Aos 52 anos, Flávio
Roberto de Souza está sozinho. A filha
mais velha, de 25 anos, mora com ele, mas fica pouco em casa. Os outros três filhos pararam de visitá-lo. Às
quintas-feiras, tem a companhia da faxineira, que vai uma vez por semana
arrumar o apartamento de 100 metros quadrados na Barra da Tijuca. No condomínio, com imóveis avaliados em quase R$ 1 milhão, há um
restaurante que entrega comida na porta. Peixe grelhado com salada verde
é o pedido mais frequente. À noite, fica à caça de seriados gringos: Game of
Thrones, Once Upon a Time, Girls. O mais
novo vício é a série americana de suspense policial Grimm: assistiu a 45 episódios de uma vez só, depois que foi
afastado do cargo de juiz titular da 3ª Vara Federal Criminal do Rio de
Janeiro, no início de março, e do caso que lhe tirou do anonimato: o processo
contra o ex-bilionário Eike Batista.
No último
dia em que acordou para ter uma rotina normal de trabalho, o juiz dirigiu por
28 quilômetros até a sede do Tribunal de Justiça no Centro do Rio. O caminho, naquele 24 de fevereiro, era o de sempre, mas o
carro, não. Ele estava ao volante
do Porsche Cayenne Turbo branco do empresário, apreendido duas semanas
antes por determinação do próprio juiz. Na chegada, às 10h30, já era aguardado por jornalistas e fotógrafos,
avisados pelos advogados de Eike de que o magistrado seguia para o trabalho no
Porsche blindado. O carro estava
estacionado no condomínio do juiz, assim como a Range Rover do filho do
empresário. Os veículos tinham sido apreendidos numa operação da Polícia
Federal para garantir o pagamento de indenizações caso Eike Batista fosse
condenado por crimes contra o mercado financeiro e iriam a leilão na semana
seguinte.
A imagem do magistrado ao volante do carro de R$
860 mil era inusitada não
apenas por ser o motorista o juiz de um dos processos de maior repercussão no
País nos últimos tempos. Mas porque, em sua vida privada, ele adotava uma
postura que em nada condizia com o que estava fazendo, segundo um desembargador
colega de Souza. Budista tibetano,
Flávio de Souza faz de dois a três retiros espirituais por ano, prega uma vida
simples e tem planos de se tornar monge. Medita pela manhã e às seis da tarde
diante de um altar com budas coloridos, incenso e orquídeas brancas, num canto
da sala, que em nada é luxuosa - a estante de livros está bagunçada e há caixas
de remédios espalhadas pela mesa.
De justiceiro, Souza passou a
aproveitador para a opinião pública. O magistrado argumentou que havia pedido autorização do Detran para
que os carros do empresário pudessem ser usados pela Justiça Federal. E disse que levou os veículos para a sua garagem "para não deixá-los sujeito a danos no
pátio do tribunal, sob chuva, sol e poeira". O piano de cauda que
decorava a sala de Eike Batista estava no apartamento de um vizinho do juiz. A
repercussão foi imediata. Dois dias depois, a corregedora nacional, ministra
Nancy Andrighi, determinou que a o magistrado fosse
afastado do caso e que uma sindicância fosse aberta para apurar os fatos.

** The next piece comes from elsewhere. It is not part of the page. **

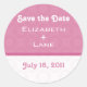 Moderno y elegante retro romántico salva a los pegatinas de fecha en color rosa pétalo. Estos pegatinas divertidos y divertidos harían de una manera elegante para que sus amigos y familia sepan de sus próximos nupciales. Fácil de personalizar, simplemente cambia los nombres y fechas para reflejar tu propio día especial!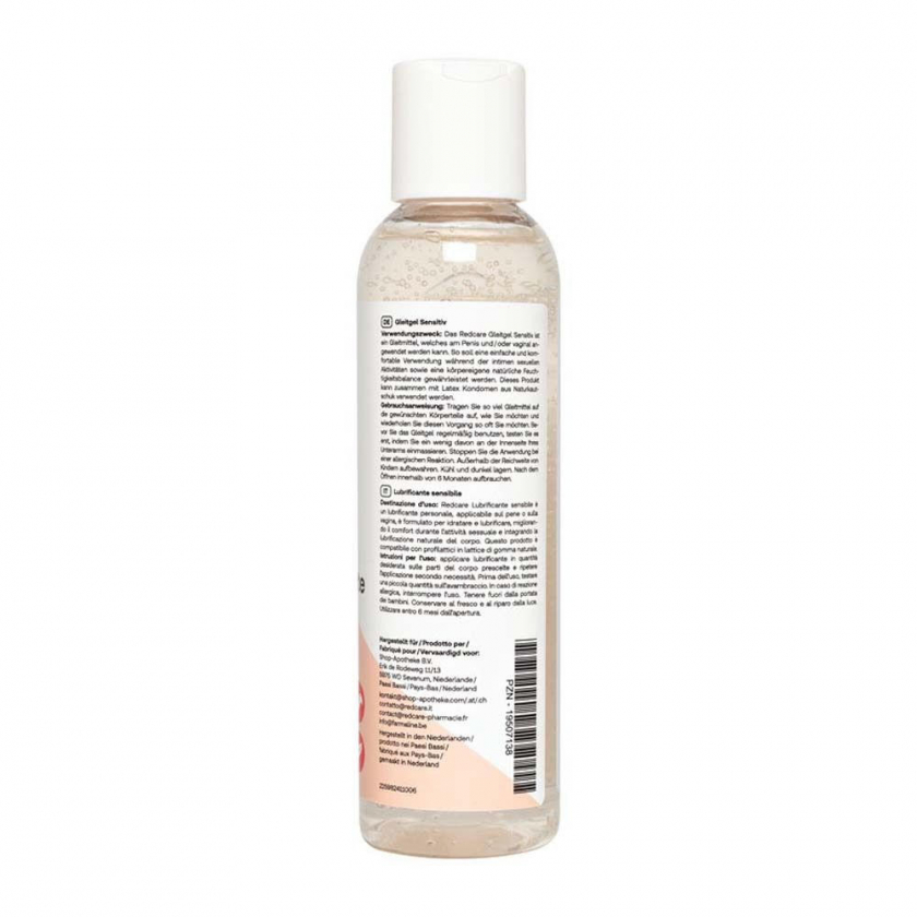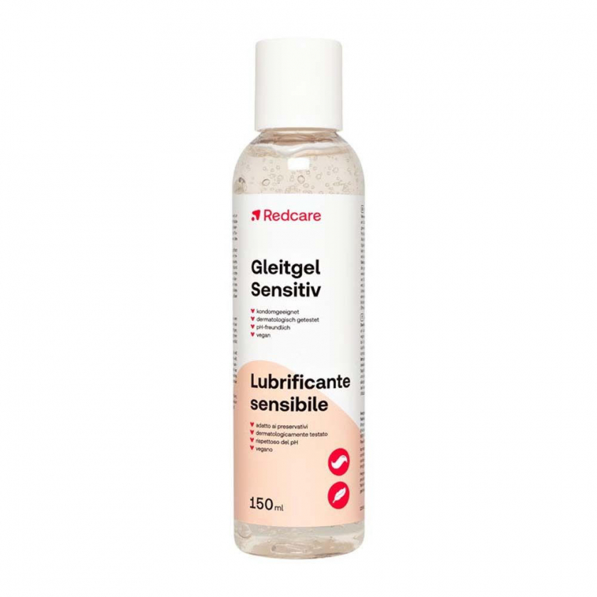 Redcare Gleitgel Sensitiv - интимный гель-лубрикант для комфорта при интимных контактах. Натуральный, безопасный, веганский продукт объемом 150 мл, подходит как для мужчин, так и для женщин. Обеспечивает естественное и приятное ощущение, поддерживает естественный баланс влажности. Перед использованием рекомендуется тест на аллергию.

Na decisão, ela disse que "não há
nem pode haver" possibilidade de um juiz "manter em sua posse um patrimônio de particular". As
declarações feitas pelos desembargadores a partir daquele momento deram ideia do clima que tomou conta do
tribunal: "a situação é
embaraçosa", "sem cabimento", "mancha a imagem do Poder
Judiciário", afirmaram alguns deles antes mesmo de virem à tona as suspeitas de que Souza teria cometido crimes de peculato, fraude processual, subtração de
autos e lavagem de dinheiro. Dos R$ 116 mil apreendidos de Eike Batista, R$ 27 mil desapareceram. Outros R$ 600 mil recolhidos do traficante
espanhol Oliver Ortiz de Zarate Martin, preso em 2013, sumiram. Segundo o Ministério Público Federal, o juiz confessou à corregedoria ter desviado US$ 150 mil e 108 mil
dos cofres da 3ª Vara. Os procuradores chegaram a pedir a prisão preventiva
do juiz - o que foi negado pela Justiça.